= Novi magazin =

Novi magazin (Serbian Cyrillic: Нови магазин, English: New Magazine) is a Serbian-language weekly print news magazine headquartered in Belgrade. It features original articles on social, economic, and political topics, with the editorial policy described as "moderately critical [of the Serbian government] and pro-European". The magazine was founded in 2011.

The chairman and editor-in-chief is Nadežda Gaće, a journalist who served as the president of Independent Journalist Association of Serbia (Nezavisno udruženje novinara Srbije – NUNS). Deputy editor-in-chief is Mijat Lakićević.

The magazine was established with financial help from Miroslav Bogićević, a businessman who owns an array of Serbian companies, most notably Farmakom.

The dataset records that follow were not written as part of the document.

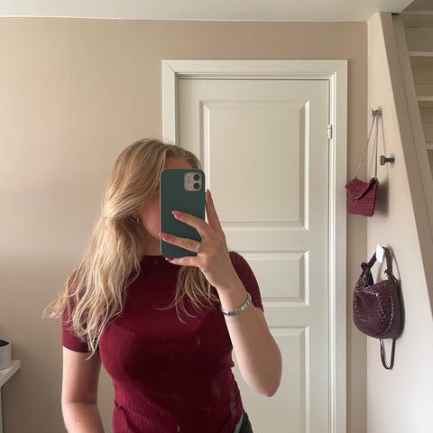 Nydelig vinrød T-skjorte med perler på ermene både foran og bak. Brukt 1-2 ganger.
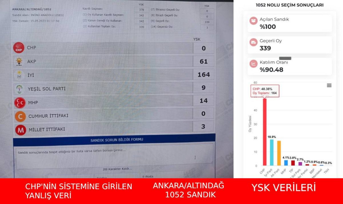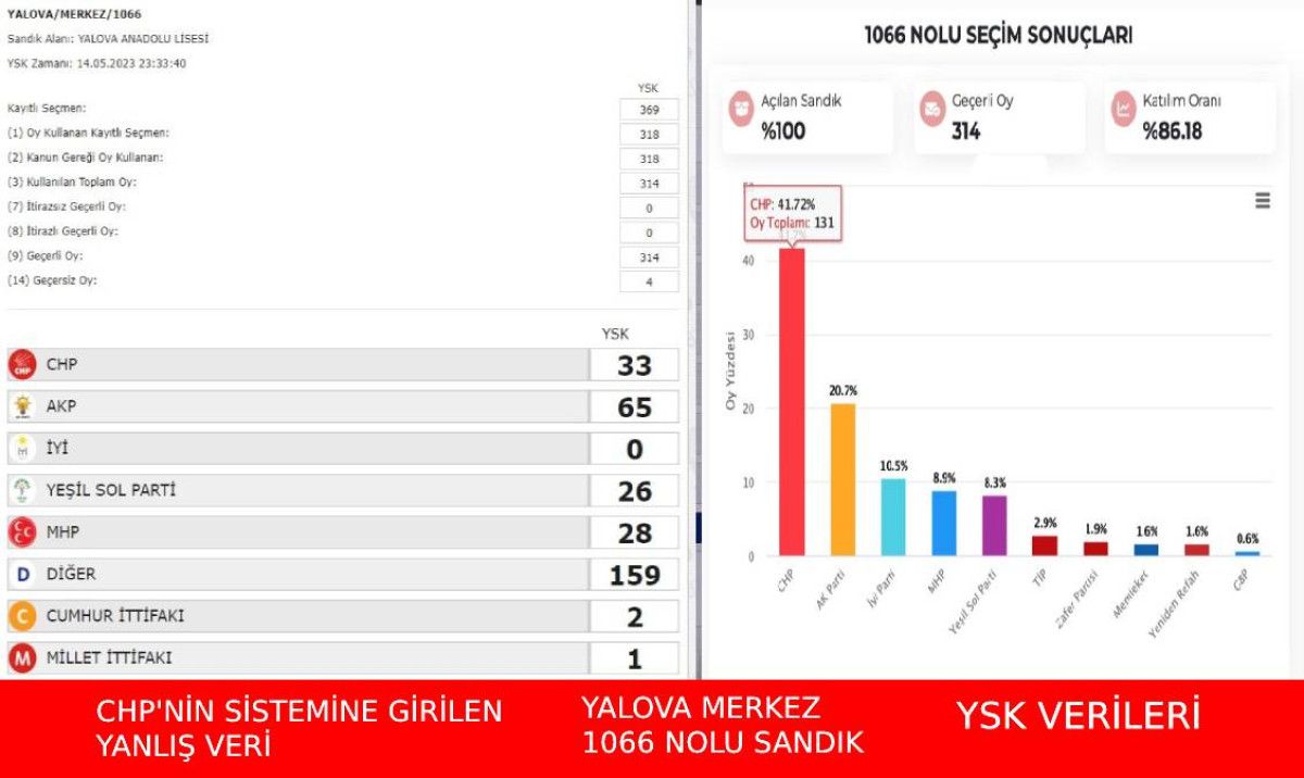 Paylaşımda ise "Bazı partilerin oyu sisteme "0" veya eksik olarak yüklendi" iddiası kamuoyunu provoke etmeye yönelik manipülasyondur. İddiaya konu görseller YSK değil, CHP'nin sistemine aittir. Tutanak ve YSK verileri doğruyken, bu veriler CHP sistemine yanlış girilmiştir." ifadeleri kullanıldı.
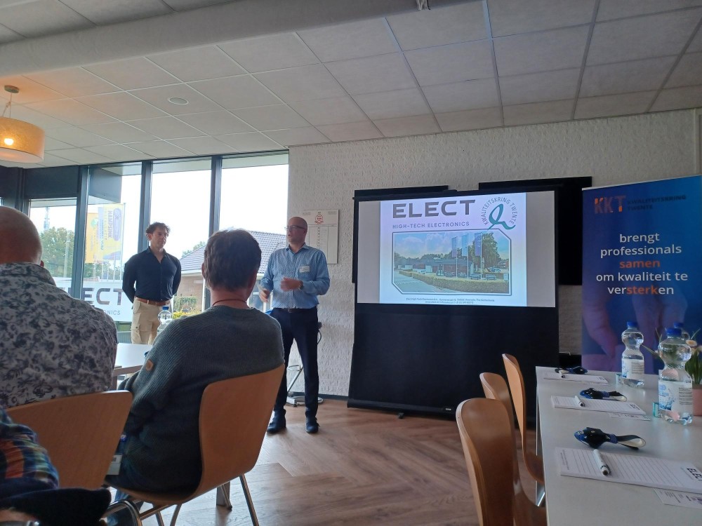 De kwaliteitskring bracht een inspirerend bedrijfsbezoek aan Elect. Na een warme ontvangst met koffie en wat lekkers opende Joost Brinkhuis, voorzitter van de kwaliteitskring, de middag. Vervolgens nam Remco Wiggers Dam van Elect de rol van gastheer over en gaf een korte introductie van het bedrijf en het programma.

Before establishing Novi magazin, Bogićević unsuccessfully tried to purchase the major political magazine NIN. Nadežda Gaće is registered as the sole owner in the Serbian Business Registers Agency.

News desk of the magazine includes Marija Kolaković, Đurađ Šimić and Miša Brkić. Regular columnists are Dimitrije Boarov, Vladimir Gligorov and Momčilo Pantelić. A novelist Marija Sajkas is a regular contributor from the U.S.

== Awards ==
- In 2011, the Erste Bank EU Office in cooperation with the Office of the EU Delegation to Serbia and the European Integration Office of the Government of the Republic of Serbia awarded the prize for the best newspaper report on the European integration process in Serbia to Danica Čigoja of Novi magazin.